**Records from a collection**

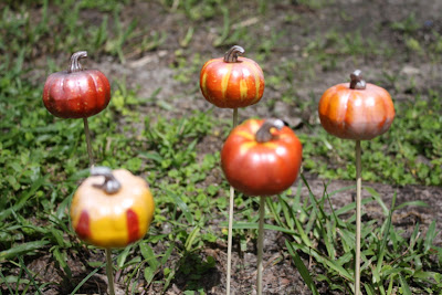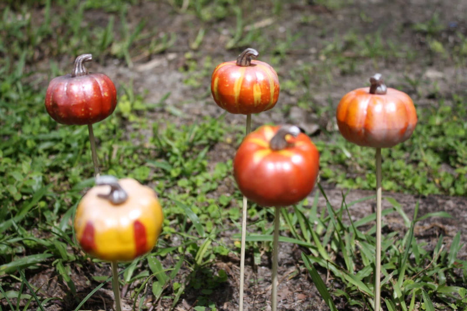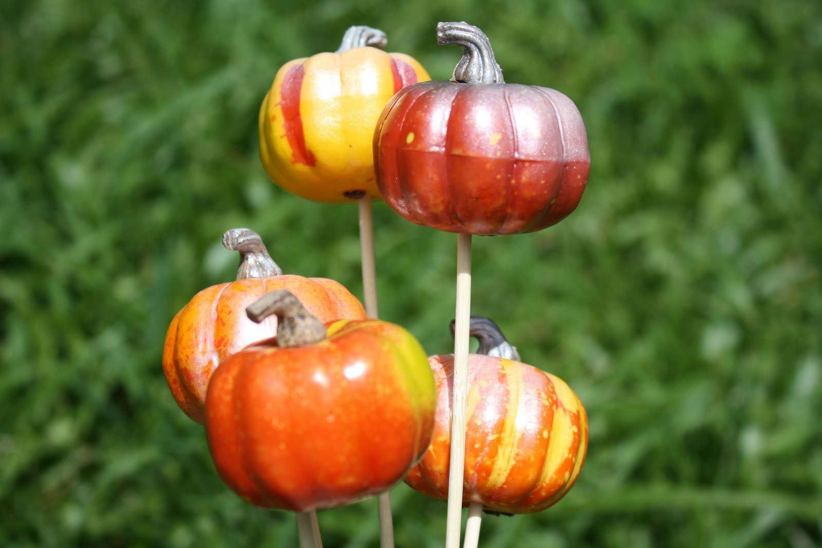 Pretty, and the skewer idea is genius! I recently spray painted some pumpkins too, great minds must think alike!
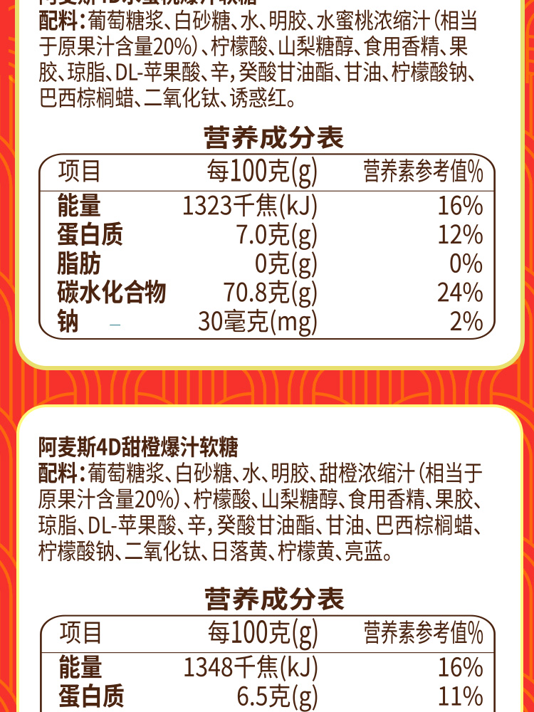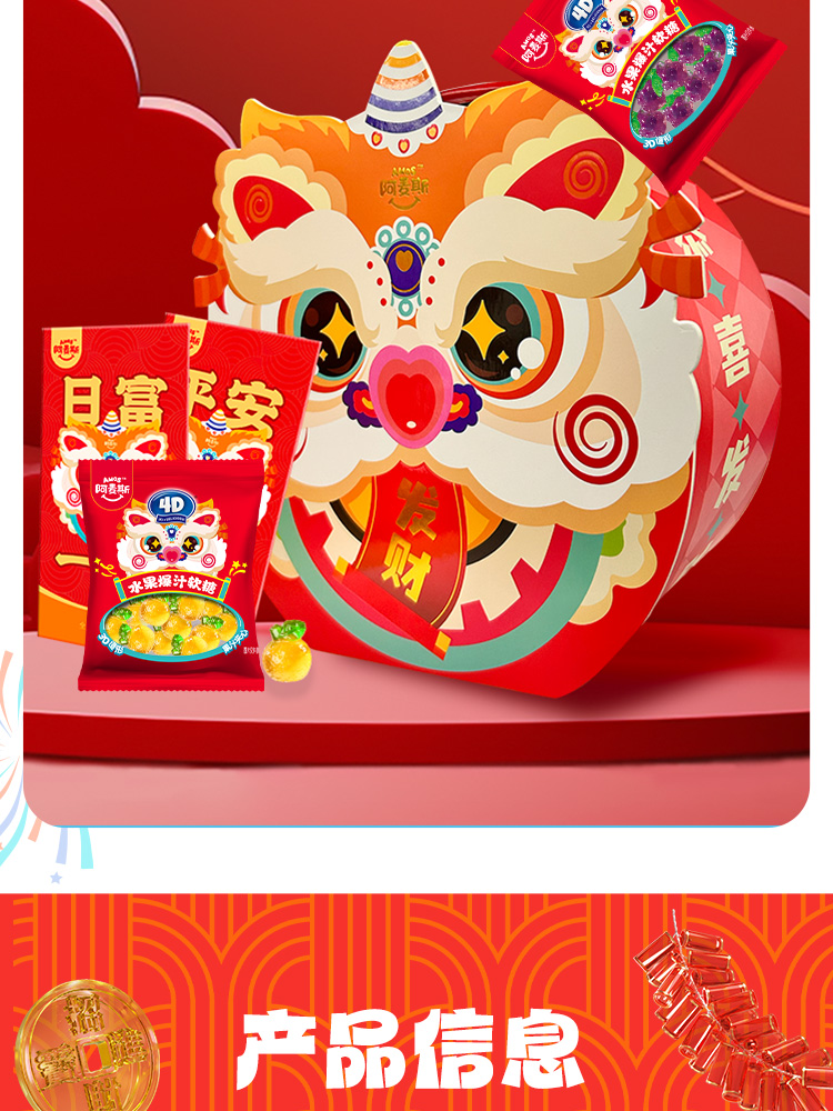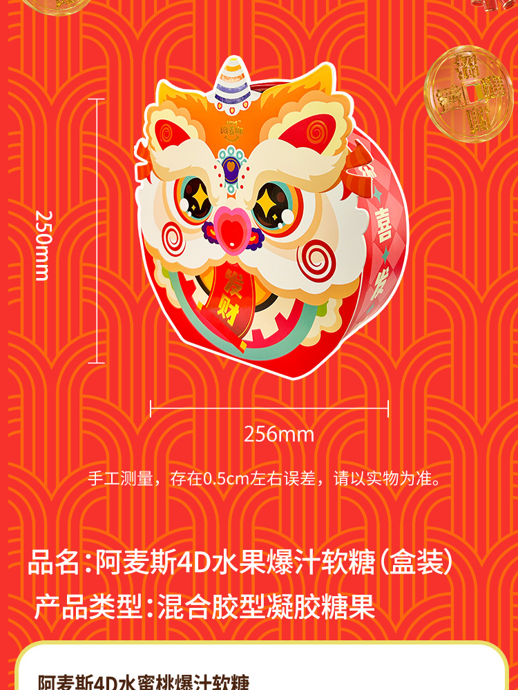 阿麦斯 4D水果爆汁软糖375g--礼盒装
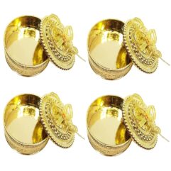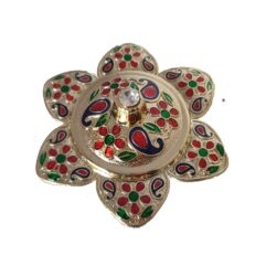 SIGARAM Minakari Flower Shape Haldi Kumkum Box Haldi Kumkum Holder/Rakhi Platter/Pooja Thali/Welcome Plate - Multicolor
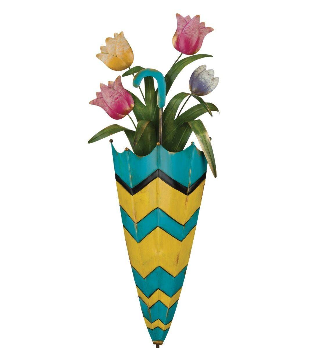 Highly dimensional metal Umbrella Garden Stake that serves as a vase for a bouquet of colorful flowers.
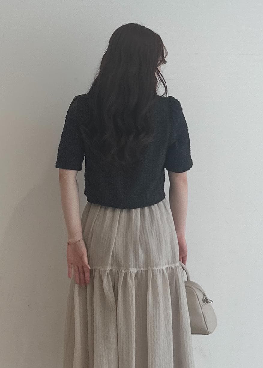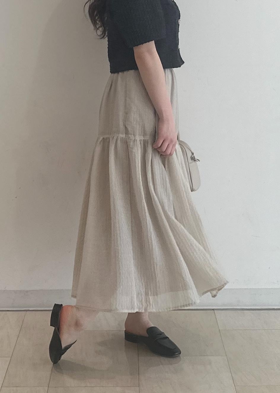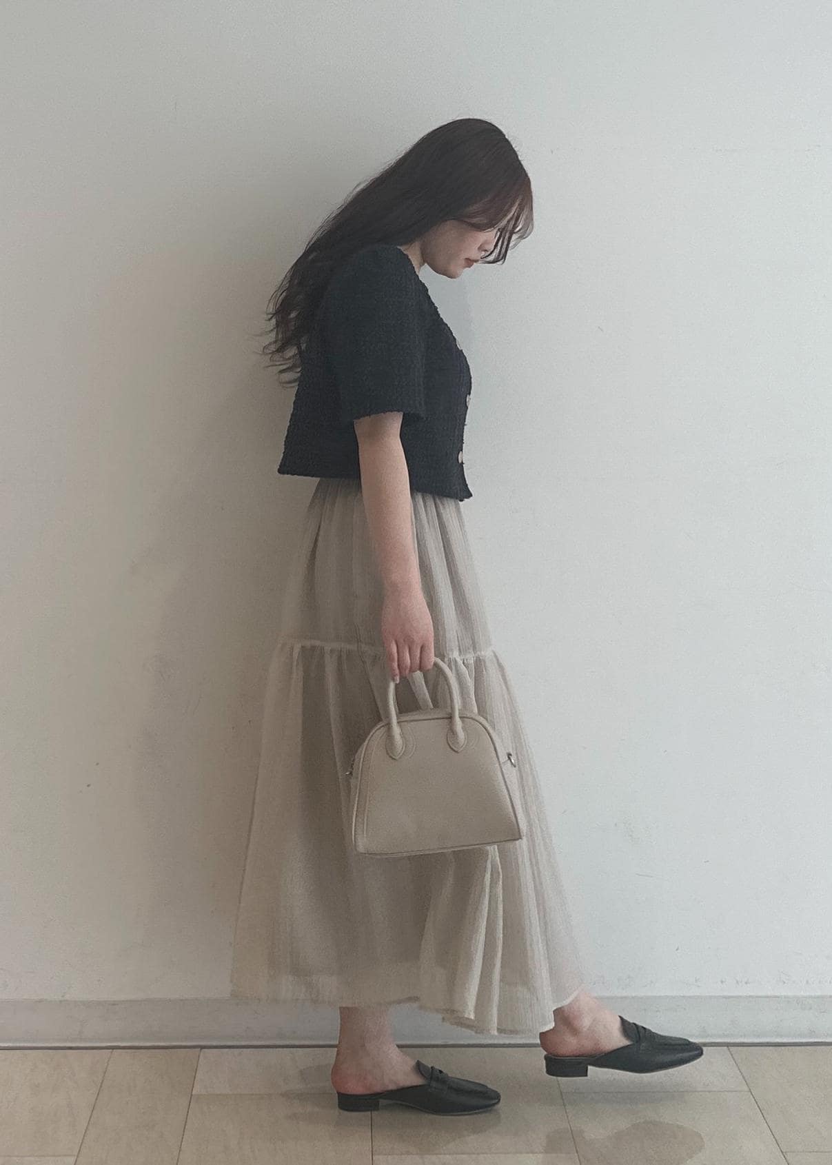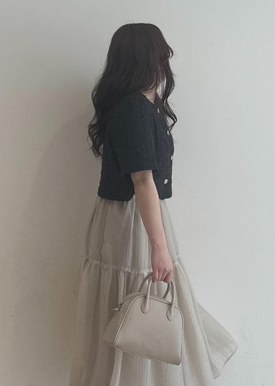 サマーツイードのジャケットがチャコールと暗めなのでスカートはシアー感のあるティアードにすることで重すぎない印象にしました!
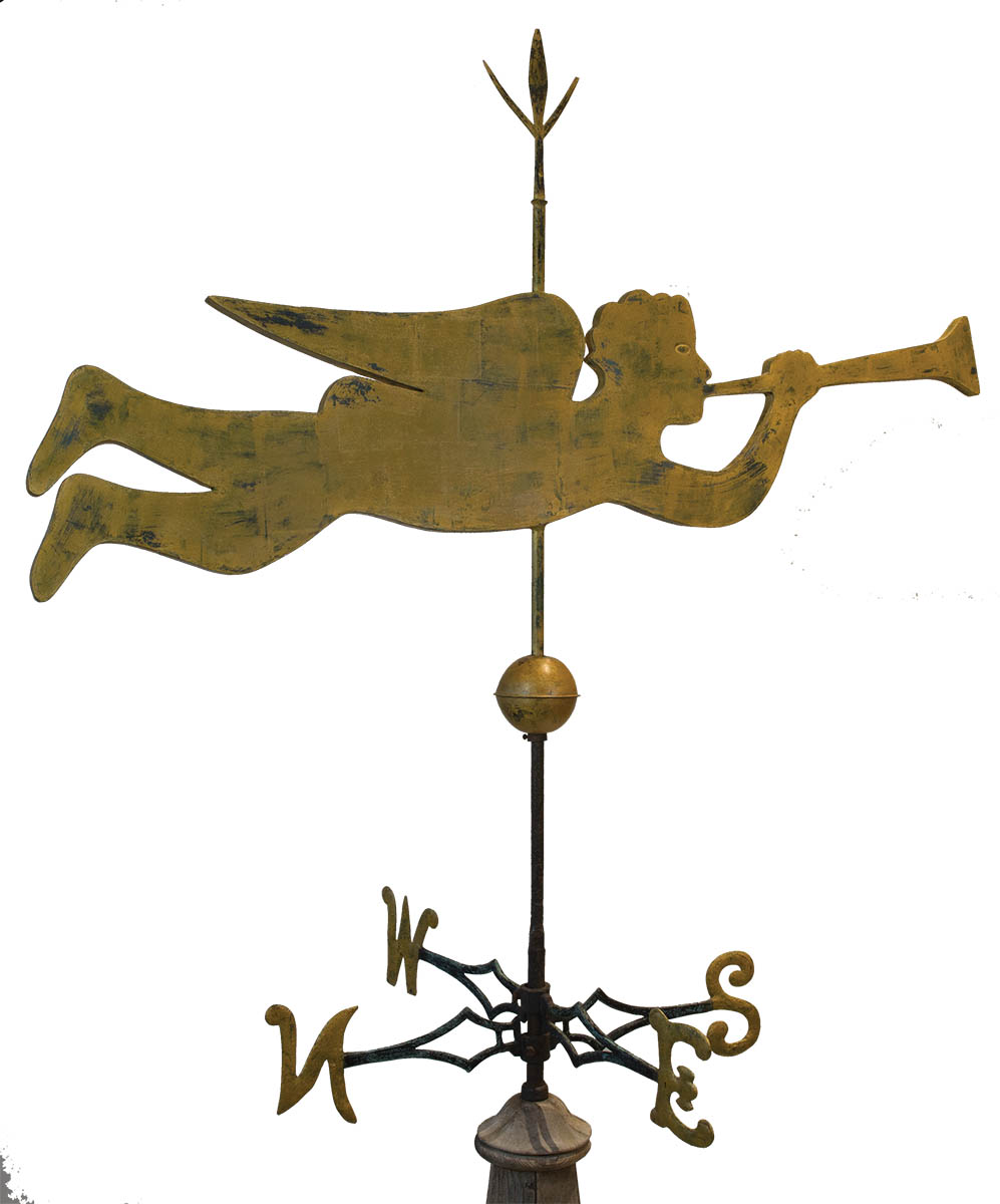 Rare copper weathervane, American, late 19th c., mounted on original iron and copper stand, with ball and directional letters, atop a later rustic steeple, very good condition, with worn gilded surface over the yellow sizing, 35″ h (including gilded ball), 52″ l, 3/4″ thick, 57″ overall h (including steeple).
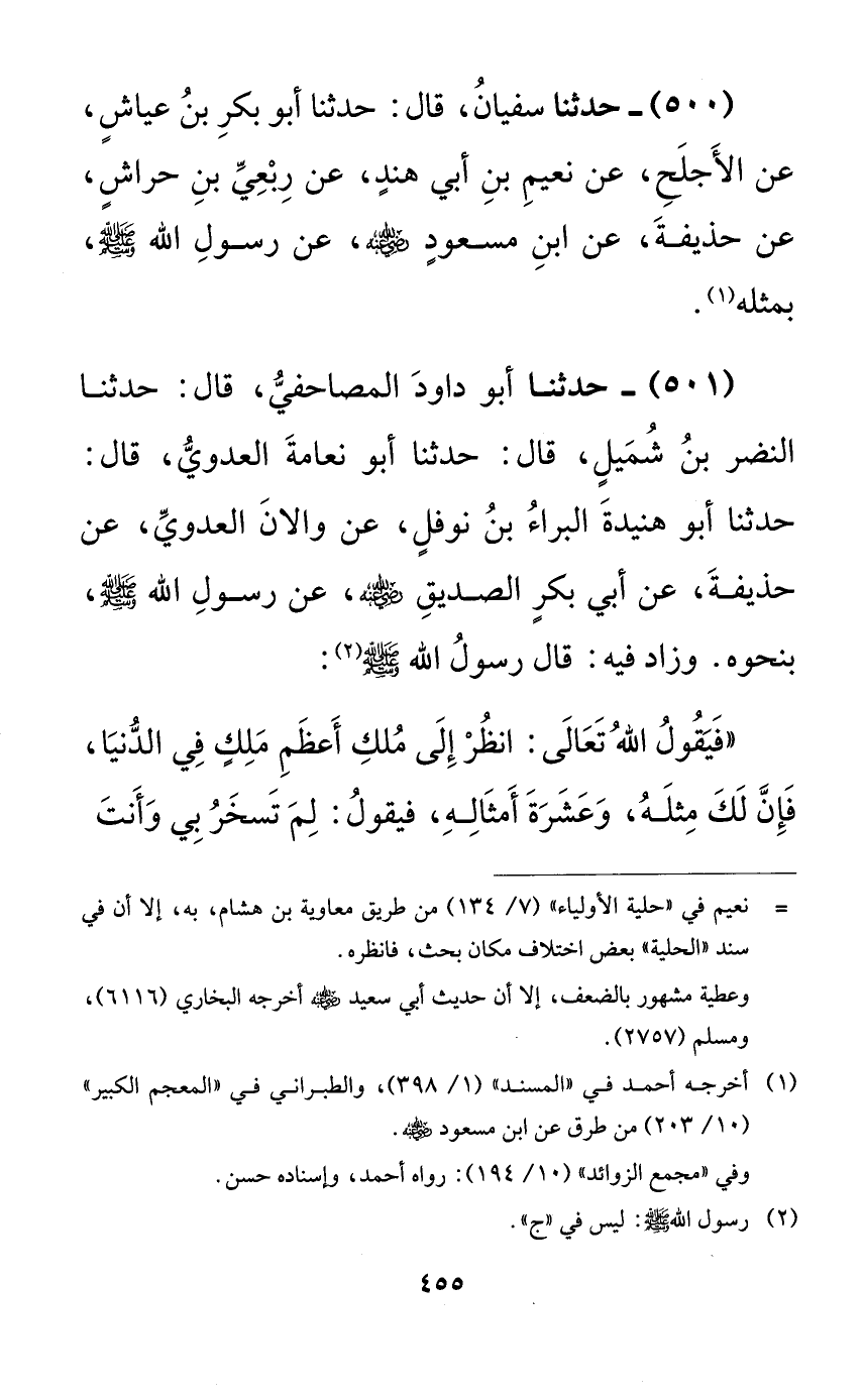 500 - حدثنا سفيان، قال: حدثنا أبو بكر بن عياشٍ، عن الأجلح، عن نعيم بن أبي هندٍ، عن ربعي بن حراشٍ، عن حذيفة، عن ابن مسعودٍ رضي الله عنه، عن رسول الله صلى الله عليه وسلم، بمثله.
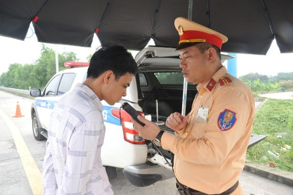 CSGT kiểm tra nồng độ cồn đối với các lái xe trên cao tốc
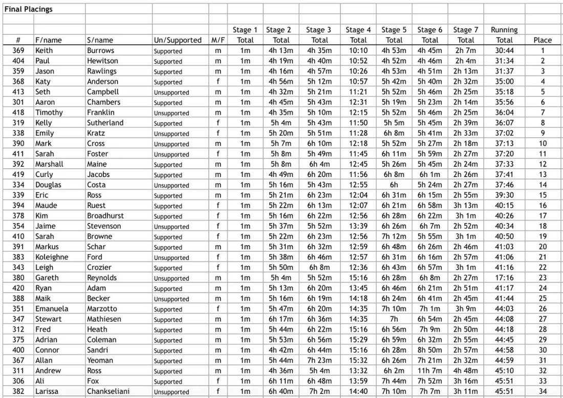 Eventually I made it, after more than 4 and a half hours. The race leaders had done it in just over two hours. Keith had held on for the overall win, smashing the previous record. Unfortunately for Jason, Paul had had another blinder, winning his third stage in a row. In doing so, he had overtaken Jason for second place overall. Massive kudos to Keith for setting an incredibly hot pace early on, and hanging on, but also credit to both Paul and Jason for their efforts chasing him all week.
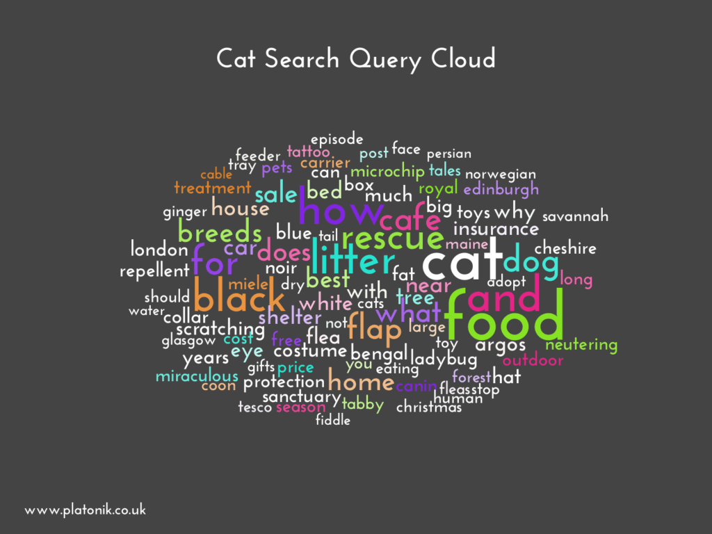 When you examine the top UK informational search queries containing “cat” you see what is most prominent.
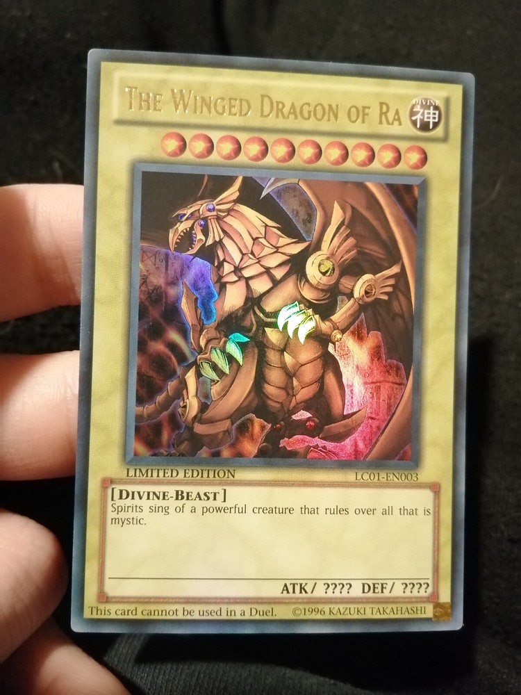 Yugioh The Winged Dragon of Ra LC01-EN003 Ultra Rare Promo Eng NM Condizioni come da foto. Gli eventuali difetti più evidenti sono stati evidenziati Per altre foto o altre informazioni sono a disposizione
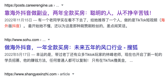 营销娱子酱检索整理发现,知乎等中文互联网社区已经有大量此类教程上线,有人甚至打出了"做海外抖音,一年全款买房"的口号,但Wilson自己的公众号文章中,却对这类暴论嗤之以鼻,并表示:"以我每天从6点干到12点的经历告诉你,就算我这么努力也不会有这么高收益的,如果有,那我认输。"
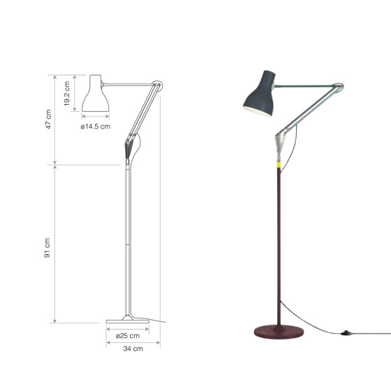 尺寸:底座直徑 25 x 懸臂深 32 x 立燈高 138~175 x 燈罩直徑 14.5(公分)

**Your assignment**
Write out all the records exactly, omitting the images.

**Your response**
 Pretty, and the skewer idea is genius! I recently spray painted some pumpkins too, great minds must think alike!
 阿麦斯 4D水果爆汁软糖375g--礼盒装
 SIGARAM Minakari Flower Shape Haldi Kumkum Box Haldi Kumkum Holder/Rakhi Platter/Pooja Thali/Welcome Plate - Multicolor
 Highly dimensional metal Umbrella Garden Stake that serves as a vase for a bouquet of colorful flowers.
 サマーツイードのジャケットがチャコールと暗めなのでスカートはシアー感のあるティアードにすることで重すぎない印象にしました!
 Rare copper weathervane, American, late 19th c., mounted on original iron and copper stand, with ball and directional letters, atop a later rustic steeple, very good condition, with worn gilded surface over the yellow sizing, 35″ h (including gilded ball), 52″ l, 3/4″ thick, 57″ overall h (including steeple).
 500 - حدثنا سفيان، قال: حدثنا أبو بكر بن عياشٍ، عن الأجلح، عن نعيم بن أبي هندٍ، عن ربعي بن حراشٍ، عن حذيفة، عن ابن مسعودٍ رضي الله عنه، عن رسول الله صلى الله عليه وسلم، بمثله.
 CSGT kiểm tra nồng độ cồn đối với các lái xe trên cao tốc
 Eventually I made it, after more than 4 and a half hours. The race leaders had done it in just over two hours. Keith had held on for the overall win, smashing the previous record. Unfortunately for Jason, Paul had had another blinder, winning his third stage in a row. In doing so, he had overtaken Jason for second place overall. Massive kudos to Keith for setting an incredibly hot pace early on, and hanging on, but also credit to both Paul and Jason for their efforts chasing him all week.
 When you examine the top UK informational search queries containing “cat” you see what is most prominent.
 Yugioh The Winged Dragon of Ra LC01-EN003 Ultra Rare Promo Eng NM Condizioni come da foto. Gli eventuali difetti più evidenti sono stati evidenziati Per altre foto o altre informazioni sono a disposizione
 营销娱子酱检索整理发现,知乎等中文互联网社区已经有大量此类教程上线,有人甚至打出了"做海外抖音,一年全款买房"的口号,但Wilson自己的公众号文章中,却对这类暴论嗤之以鼻,并表示:"以我每天从6点干到12点的经历告诉你,就算我这么努力也不会有这么高收益的,如果有,那我认输。"
 尺寸:底座直徑 25 x 懸臂深 32 x 立燈高 138~175 x 燈罩直徑 14.5(公分)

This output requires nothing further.